Keep the pictures out while you transcribe the listing below exactly.
+ + + +
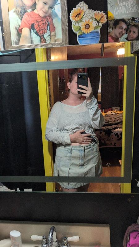 loving this fall outfit all because of this denim flare skirt that has recently become one of my go to’s for the fall pairing it with tights and booties! Certainly a brand that has become a favorite due to long lasting denim & style. Very soft Jean material, does get runched up fast and had to iron after the first wash but I’ll keep using this all fall/ winter long. I absolutely loved it. Perfect high waist , covered my lower pouch perfectly 🤭 ( I’m 4”11 & 139 lbs size 29 in this style)
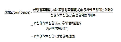 신뢰도(A->B): 물품 A를 구매했다는 조건하에 물품 B를 구매확률 =P(B|A) 조건부 확률
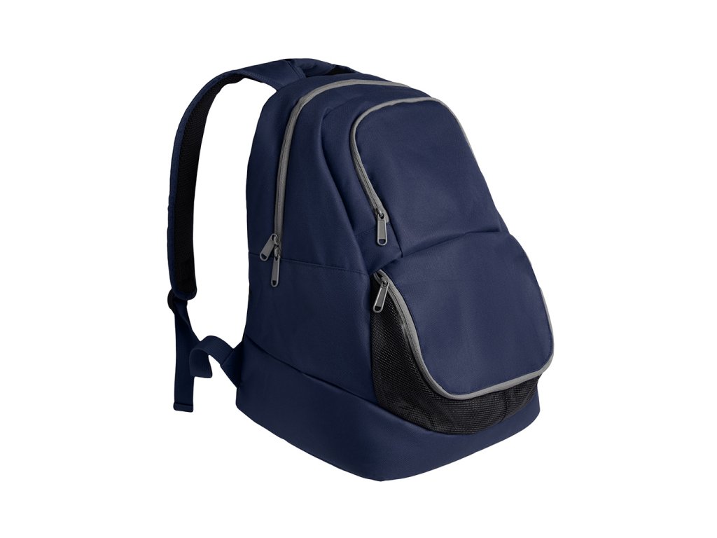 Sportovní batoh ergonomického designu, snadno přizpůsobitelný. Batoh má dvojité zesílené ramenní popruhy, jedno madlo, prošívaná záda a přední přihrádku na boty. Disponuje jednou hlavní kapsou a menší vnější přední kapsou. Batoh má kontrastní zipy v šedé barvě a detaily v černé barvě.
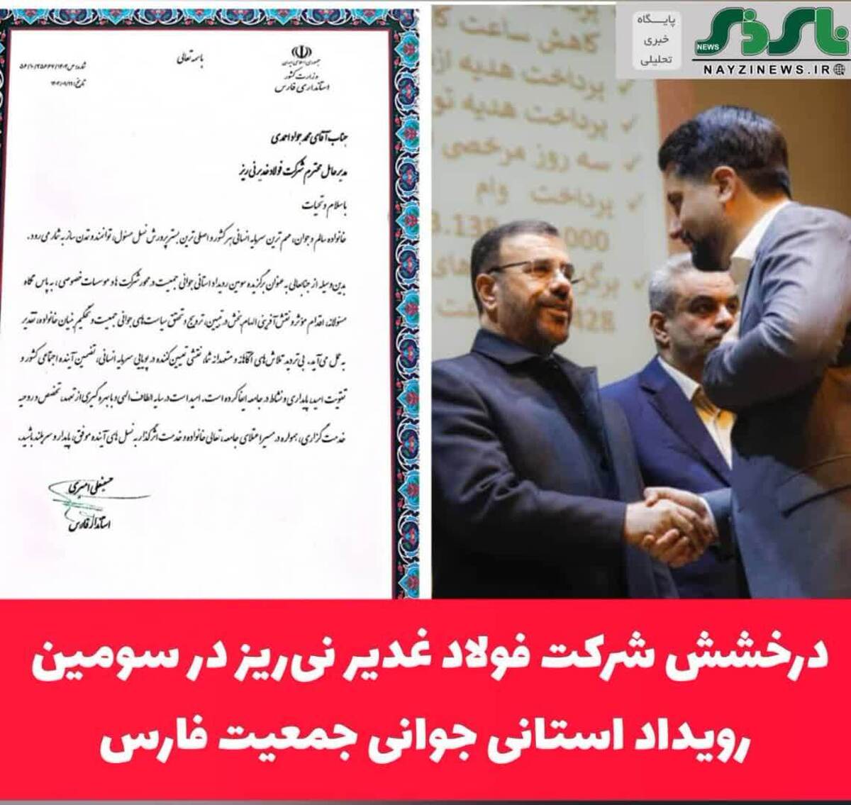 شرکت فولاد غدیر نی‌ریز به‌دلیل اجرای سیاست‌های اثربخش حمایتی از کارکنان و خانواده‌ها، به‌ویژه مادران شاغل، در سومین رویداد استانی جایزه جوانی جمعیت استان فارس به‌عنوان یکی از شرکت‌های برگزیده مورد تقدیر قرار گرفت.
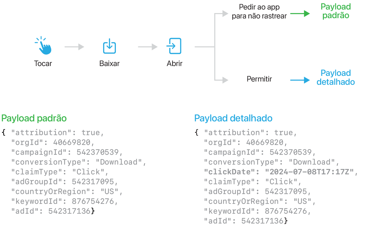 O AdServices envia informações de atribuição ao anunciante quando um usuário abre o app anunciado, fornecendo um dos dois conjuntos de informações, conhecidos como payload. O payload pode ser “padrão” ou “detalhado”, e os dois contêm apenas dados que não identificam o usuário ou o aparelho. A principal diferença entre os dois payloads é o campo clickDate ou impressionDate, que indica a data em que o anúncio foi clicado ou visualizado. O payload detalhado, que inclui esses campos, é enviado somente quando o app obteve permissão do usuário para rastreamento por meio do prompt do App Tracking Transparency (ATT).
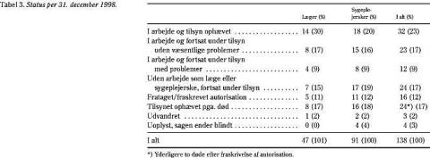 Knap halvdelen (49%) var fortsat i arbejde ved undersøgelsens afslutning. Samlet findes 62 (45%) med god status og 72 (52%) med dårlig. I fire sager var det ikke er muligt at vurdere status. I alt 40% af lægerne og 37% af sygeplejerskerne havde god status. Status set i forhold til alkohol-, medicin- eller blandingsmisbrug viste, at der var lidt flere medicinmisbrugere, der havde god status, end blandt de øvrige (p=0,048).
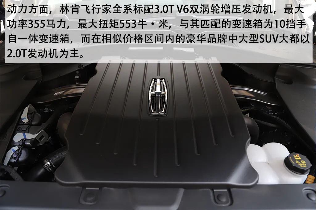小编有话说:林肯飞行家保持了美系SUV的多项特质。从设计看,它的气场强大,商务属性突出,而且车身尺寸确实具备不小优势;在内饰方面,林肯飞行家更强调驾乘人员的舒适性,座椅柔软填充物厚实,多项舒适性配置都可以为消费者提供极致的驾乘环境;在动态表现方面,全系标配3.0T V6双涡轮增压发动机,在50-70万售价区间内,林肯飞行家是豪华中大型SUV唯一全系采用3.0T 六缸发动机的车型,它将有更出色的动力表现及平顺性,这点毋庸置疑。再来看价格,新车厂商指导价50.98-75.98万元,在同级别豪华SUV阵营中还是具备很高性价比的。
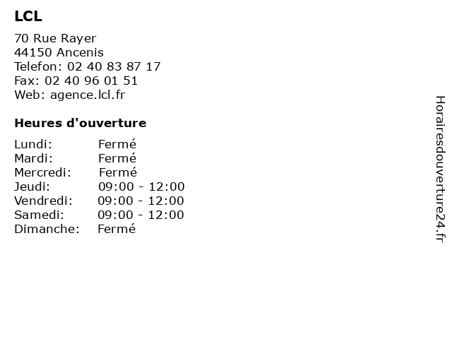 | Lundi | Fermé |
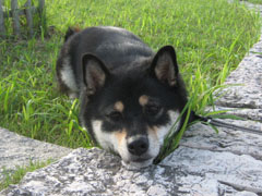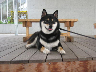小学校脇にあるウッドデッキ。散歩の途中によくここでひと休みします。風が抜けてとても涼しい場所。もものお気に入りです^^
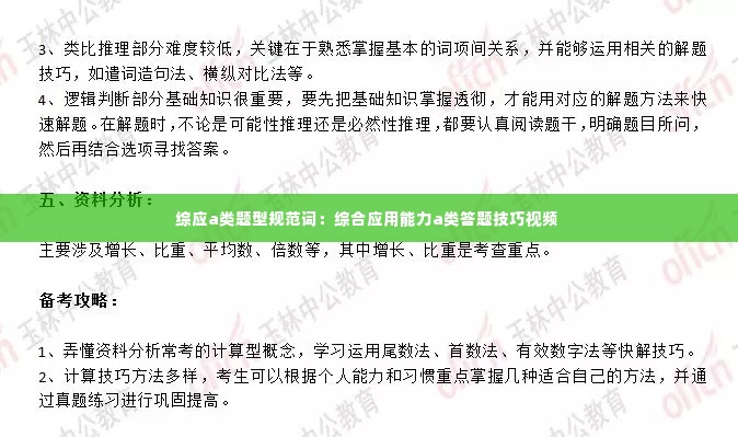 综应A类题型,全称为综合应用能力A类题型,是公务员考试中的一种重要题型。这类题型主要考察考生对政策法规的理解、分析能力,以及解决实际问题的能力。它通常要求考生在限定的时间内,对给出的材料进行深入阅读,提炼关键信息,并结合自身所学知识,提出合理的解决方案或评价。
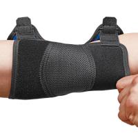 高い圧迫力でヒジ全体の負担を軽減。腕の形状にフィットするアジャスタブル設計。簡単装着の面ファスナー仕様。快適な装着感のダブルラッセル素材。
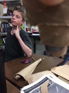 Today was another Wednesday Challenge. Everyone had to get in groups of 4-5, with one of the individuals being a veteran. My group consisted of Raul, Mason, Jaden, and Ian. The task was to create a model boat tail out of carboard for a rocket. Mr. Miller gave every group a packet explaining the information and formulas needed. My group was extremely confused so we just goofed off the entire period and played with Mason's rubicks cube.
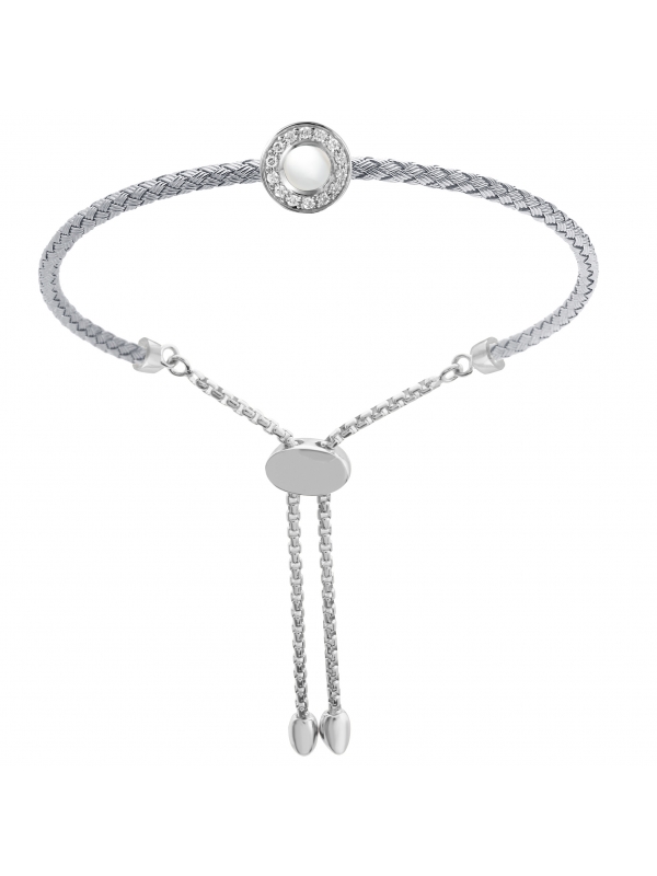 925 SS 3MM WOVEN MOP DBT & CZ FRIENDSHIP BRACELET RHODIUM FINISH
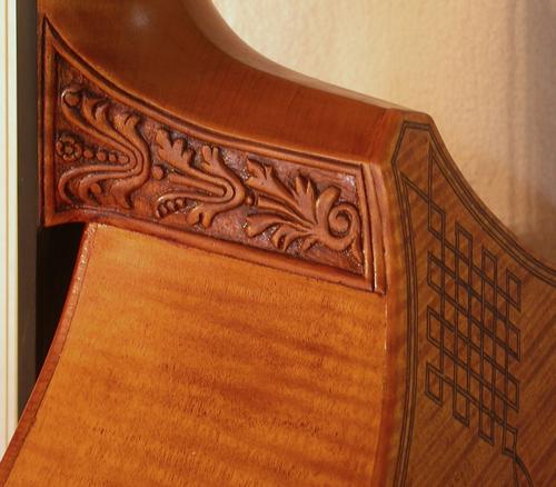 Seitenansicht der kopierten Schnitzereien und die Bodenintarsien
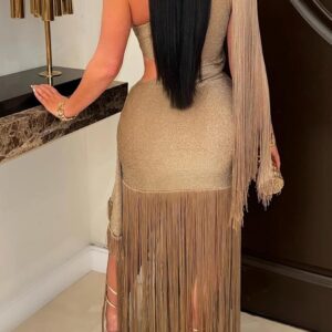 GEULIS Cut Out Bodycon Birthday Party Tassel Maxi Dresses
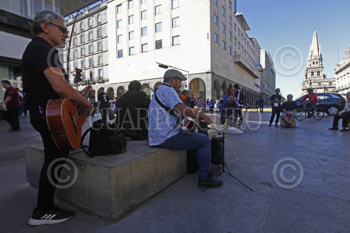 GUADALAJARA, JALISCO, 26ENERO2024.- Músicos urbanos diversos, ofrecen sus servicios en las principales calles del centro de la ciudad, esto con el fin de subsistir en estos tiempos tan complicados, en donde conseguir un trabajo estable es algo difícil. FOTO: FERNANDO CARRANZA GARCIA / CUARTOSCURO.COM
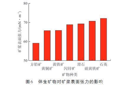 對礦漿濃度為30%的黃銅礦、方鉛礦、滑石、閃鋅礦及石英的礦漿表面張力進行了測定。在pH=7、粒度-0.074 mm占比80%的條件下,考察了黃鐵礦與磁黃鐵礦及伴生礦物質(zhì)量比為7∶3時,不同伴生礦物對礦漿表面張力的影響,結(jié)果見圖6。由圖6可知:不同礦物的礦漿表面張力存在差異,具體為石英72.17 mN/m、磁黃鐵礦70.72 mN/m、滑石69.31 mN/m、閃鋅礦68.88 mN/m、黃鐵礦65.89 mN/m、黃銅礦65.72 mN/m、方鉛礦59.14 mN/m。分析結(jié)果表明,方鉛礦的礦漿表面張力最低,而石英的礦漿表面張力與水的表面張力(72.80 mN/m)最為接近。
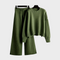Ovaj set od pletenine kombinira mekoću i stil u jednom izgledu. Oversized gornji dio s modernim krojem i široke hlače stvaraju opuštenu, ali sofisticiranu siluetu, savršenu za dane kada želiš biti udobna bez odricanja od elegancije.
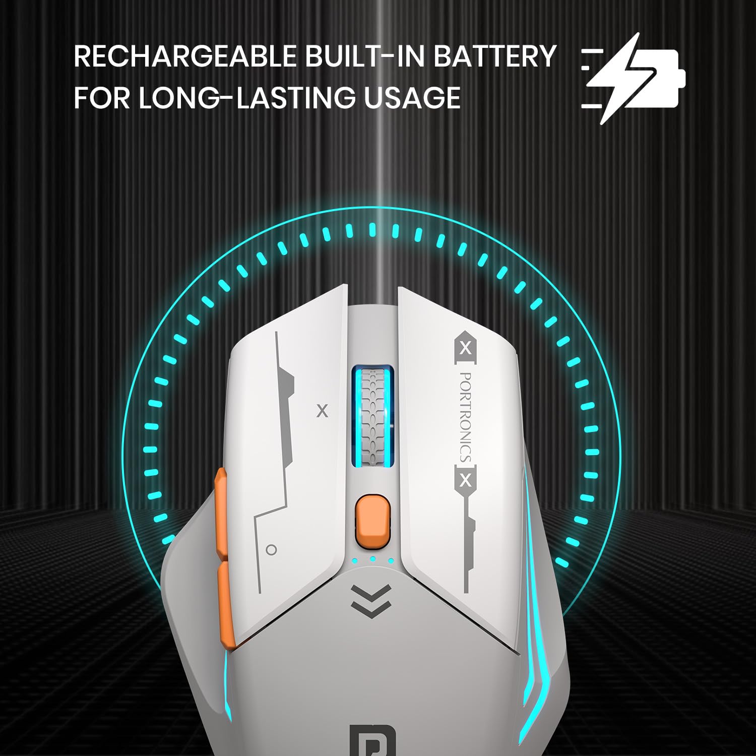 The Portronics Vader Max Wireless Rechargeable Mouse is a high-performance dual-mode wireless mouse featuring Bluetooth 5.3 and 2.4 GHz connectivity for seamless usage across devices. With an adjustable DPI of up to 2400, it provides precision control for gaming, designing, and office tasks. Its 6-button layout allows quick navigation, while the ergonomic thumb support ensures a comfortable grip for extended use. Powered by a rechargeable battery, it eliminates the need for frequent replacements, making it a perfect companion for laptops, desktops, and gaming consoles. Designed for efficiency, style, and versatility, the Vader Max is your go-to choice for a superior computing experience.
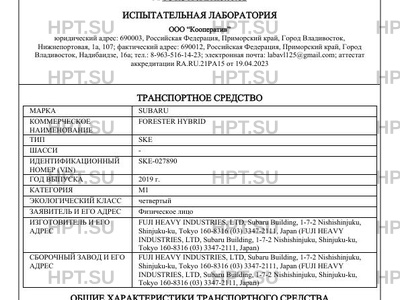 Предприятие-изготовитель FUJI HEAVY INDUSTRIES, LTD, Subaru Building, 1-7-2 Nishishinjuku, Shinjuku-ku, Tokyo 160-8316 (03) 3347-2111, Japan (FUJI HEAVY INDUSTRIES, LTD, Subaru Building, 1-7-2 Nishishinjuku, Shinjuku-ku, Tokyo 160-8316 (03) 3347-2111, Japan)
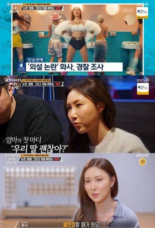 KBS 2TV '크레이지 리치 코리안'에 출연한 화사가 과거 휩싸였던 외설 무대 논란에 대한 심경을 고백했다. 〈사진=KBS 방송 캡처〉 |
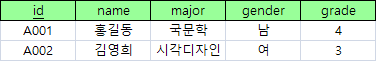 INSERT INTO 학생 VALUES ('A003','강하늘','컴퓨터공학','남','2');
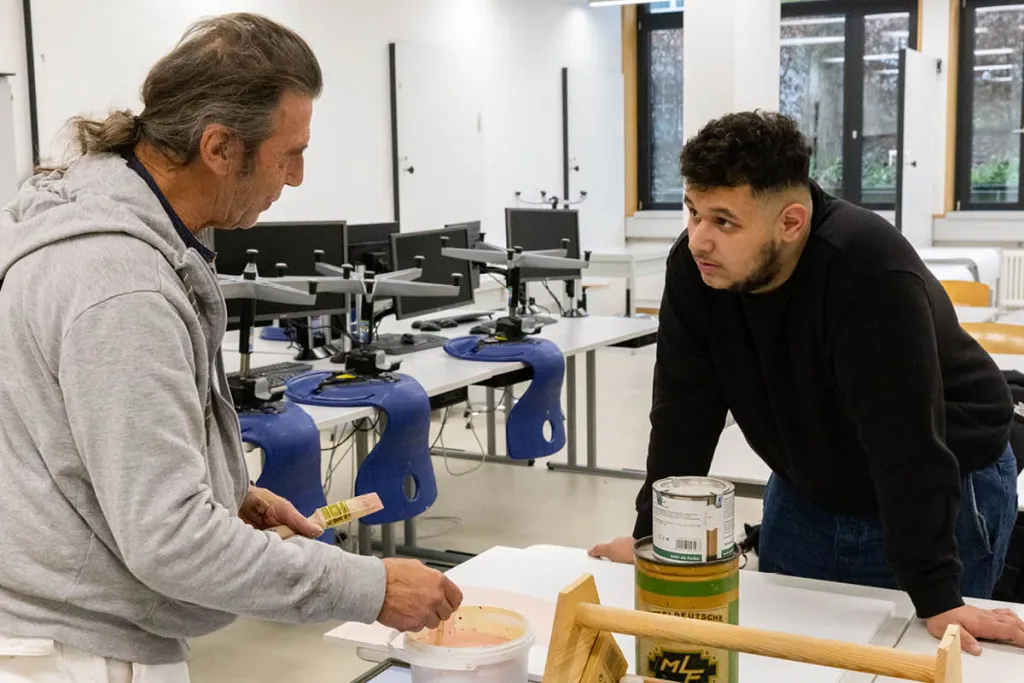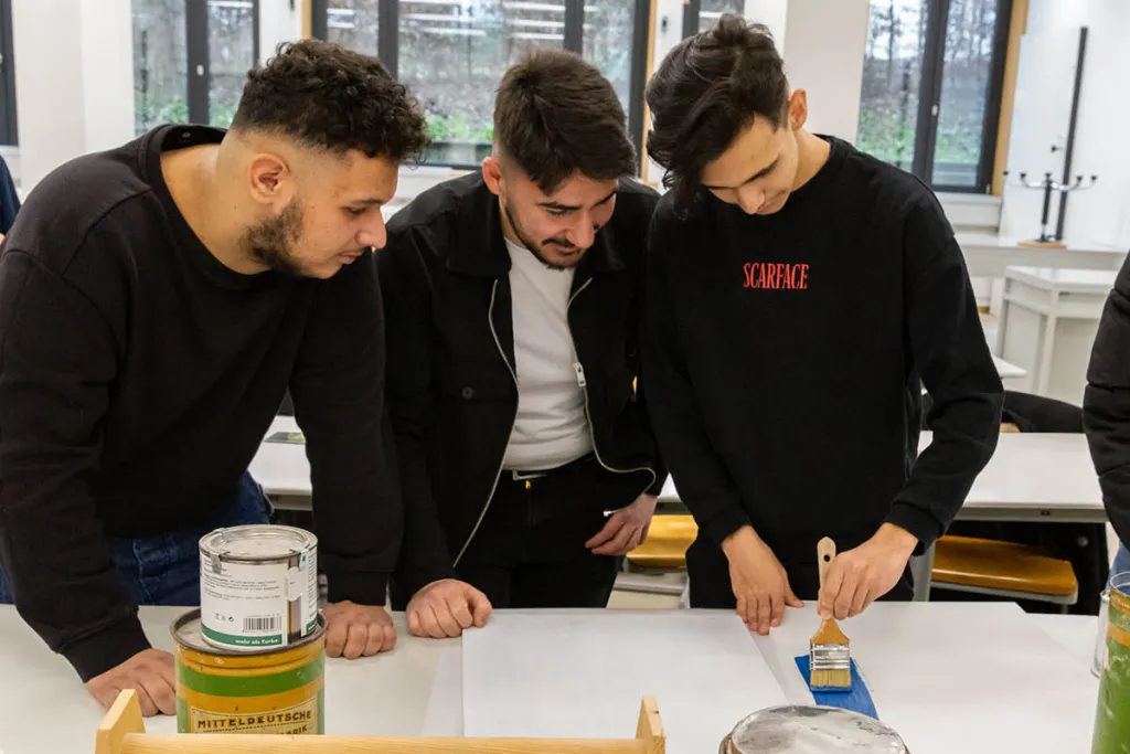 Dabei konnten die Jugendlichen selber Hand anlegen. Mit Hilfe der Spezialisten Heinz und Florian stellten sie Öl- und Kalkfarben her und versuchten sich in deren Anwendung. Schritt für Schritt wurden die Lehrlinge so an das Thema herangeführt. Wie aus gelöschtem Kalk und der Zugabe von Wasser Hitze entsteht, brachte alle zum Staunen.
+ + + +
• **Answer area**
 loving this fall outfit all because of this denim flare skirt that has recently become one of my go to’s for the fall pairing it with tights and booties! Certainly a brand that has become a favorite due to long lasting denim & style. Very soft Jean material, does get runched up fast and had to iron after the first wash but I’ll keep using this all fall/ winter long. I absolutely loved it. Perfect high waist , covered my lower pouch perfectly 🤭 ( I’m 4”11 & 139 lbs size 29 in this style)
 신뢰도(A->B): 물품 A를 구매했다는 조건하에 물품 B를 구매확률 =P(B|A) 조건부 확률
 Sportovní batoh ergonomického designu, snadno přizpůsobitelný. Batoh má dvojité zesílené ramenní popruhy, jedno madlo, prošívaná záda a přední přihrádku na boty. Disponuje jednou hlavní kapsou a menší vnější přední kapsou. Batoh má kontrastní zipy v šedé barvě a detaily v černé barvě.
 شرکت فولاد غدیر نی‌ریز به‌دلیل اجرای سیاست‌های اثربخش حمایتی از کارکنان و خانواده‌ها، به‌ویژه مادران شاغل، در سومین رویداد استانی جایزه جوانی جمعیت استان فارس به‌عنوان یکی از شرکت‌های برگزیده مورد تقدیر قرار گرفت.
 O AdServices envia informações de atribuição ao anunciante quando um usuário abre o app anunciado, fornecendo um dos dois conjuntos de informações, conhecidos como payload. O payload pode ser “padrão” ou “detalhado”, e os dois contêm apenas dados que não identificam o usuário ou o aparelho. A principal diferença entre os dois payloads é o campo clickDate ou impressionDate, que indica a data em que o anúncio foi clicado ou visualizado. O payload detalhado, que inclui esses campos, é enviado somente quando o app obteve permissão do usuário para rastreamento por meio do prompt do App Tracking Transparency (ATT).
 Knap halvdelen (49%) var fortsat i arbejde ved undersøgelsens afslutning. Samlet findes 62 (45%) med god status og 72 (52%) med dårlig. I fire sager var det ikke er muligt at vurdere status. I alt 40% af lægerne og 37% af sygeplejerskerne havde god status. Status set i forhold til alkohol-, medicin- eller blandingsmisbrug viste, at der var lidt flere medicinmisbrugere, der havde god status, end blandt de øvrige (p=0,048).
小编有话说:林肯飞行家保持了美系SUV的多项特质。从设计看,它的气场强大,商务属性突出,而且车身尺寸确实具备不小优势;在内饰方面,林肯飞行家更强调驾乘人员的舒适性,座椅柔软填充物厚实,多项舒适性配置都可以为消费者提供极致的驾乘环境;在动态表现方面,全系标配3.0T V6双涡轮增压发动机,在50-70万售价区间内,林肯飞行家是豪华中大型SUV唯一全系采用3.0T 六缸发动机的车型,它将有更出色的动力表现及平顺性,这点毋庸置疑。再来看价格,新车厂商指导价50.98-75.98万元,在同级别豪华SUV阵营中还是具备很高性价比的。
 | Lundi | Fermé |
小学校脇にあるウッドデッキ。散歩の途中によくここでひと休みします。風が抜けてとても涼しい場所。もものお気に入りです^^
 综应A类题型,全称为综合应用能力A类题型,是公务员考试中的一种重要题型。这类题型主要考察考生对政策法规的理解、分析能力,以及解决实际问题的能力。它通常要求考生在限定的时间内,对给出的材料进行深入阅读,提炼关键信息,并结合自身所学知识,提出合理的解决方案或评价。
 高い圧迫力でヒジ全体の負担を軽減。腕の形状にフィットするアジャスタブル設計。簡単装着の面ファスナー仕様。快適な装着感のダブルラッセル素材。
 Today was another Wednesday Challenge. Everyone had to get in groups of 4-5, with one of the individuals being a veteran. My group consisted of Raul, Mason, Jaden, and Ian. The task was to create a model boat tail out of carboard for a rocket. Mr. Miller gave every group a packet explaining the information and formulas needed. My group was extremely confused so we just goofed off the entire period and played with Mason's rubicks cube.
 925 SS 3MM WOVEN MOP DBT & CZ FRIENDSHIP BRACELET RHODIUM FINISH
 Seitenansicht der kopierten Schnitzereien und die Bodenintarsien
 GEULIS Cut Out Bodycon Birthday Party Tassel Maxi Dresses
 GUADALAJARA, JALISCO, 26ENERO2024.- Músicos urbanos diversos, ofrecen sus servicios en las principales calles del centro de la ciudad, esto con el fin de subsistir en estos tiempos tan complicados, en donde conseguir un trabajo estable es algo difícil. FOTO: FERNANDO CARRANZA GARCIA / CUARTOSCURO.COM
 對礦漿濃度為30%的黃銅礦、方鉛礦、滑石、閃鋅礦及石英的礦漿表面張力進行了測定。在pH=7、粒度-0.074 mm占比80%的條件下,考察了黃鐵礦與磁黃鐵礦及伴生礦物質(zhì)量比為7∶3時,不同伴生礦物對礦漿表面張力的影響,結(jié)果見圖6。由圖6可知:不同礦物的礦漿表面張力存在差異,具體為石英72.17 mN/m、磁黃鐵礦70.72 mN/m、滑石69.31 mN/m、閃鋅礦68.88 mN/m、黃鐵礦65.89 mN/m、黃銅礦65.72 mN/m、方鉛礦59.14 mN/m。分析結(jié)果表明,方鉛礦的礦漿表面張力最低,而石英的礦漿表面張力與水的表面張力(72.80 mN/m)最為接近。
Ovaj set od pletenine kombinira mekoću i stil u jednom izgledu. Oversized gornji dio s modernim krojem i široke hlače stvaraju opuštenu, ali sofisticiranu siluetu, savršenu za dane kada želiš biti udobna bez odricanja od elegancije.
 The Portronics Vader Max Wireless Rechargeable Mouse is a high-performance dual-mode wireless mouse featuring Bluetooth 5.3 and 2.4 GHz connectivity for seamless usage across devices. With an adjustable DPI of up to 2400, it provides precision control for gaming, designing, and office tasks. Its 6-button layout allows quick navigation, while the ergonomic thumb support ensures a comfortable grip for extended use. Powered by a rechargeable battery, it eliminates the need for frequent replacements, making it a perfect companion for laptops, desktops, and gaming consoles. Designed for efficiency, style, and versatility, the Vader Max is your go-to choice for a superior computing experience.
 Предприятие-изготовитель FUJI HEAVY INDUSTRIES, LTD, Subaru Building, 1-7-2 Nishishinjuku, Shinjuku-ku, Tokyo 160-8316 (03) 3347-2111, Japan (FUJI HEAVY INDUSTRIES, LTD, Subaru Building, 1-7-2 Nishishinjuku, Shinjuku-ku, Tokyo 160-8316 (03) 3347-2111, Japan)
 KBS 2TV '크레이지 리치 코리안'에 출연한 화사가 과거 휩싸였던 외설 무대 논란에 대한 심경을 고백했다. 〈사진=KBS 방송 캡처〉 |
 INSERT INTO 학생 VALUES ('A003','강하늘','컴퓨터공학','남','2');
 Dabei konnten die Jugendlichen selber Hand anlegen. Mit Hilfe der Spezialisten Heinz und Florian stellten sie Öl- und Kalkfarben her und versuchten sich in deren Anwendung. Schritt für Schritt wurden die Lehrlinge so an das Thema herangeführt. Wie aus gelöschtem Kalk und der Zugabe von Wasser Hitze entsteht, brachte alle zum Staunen.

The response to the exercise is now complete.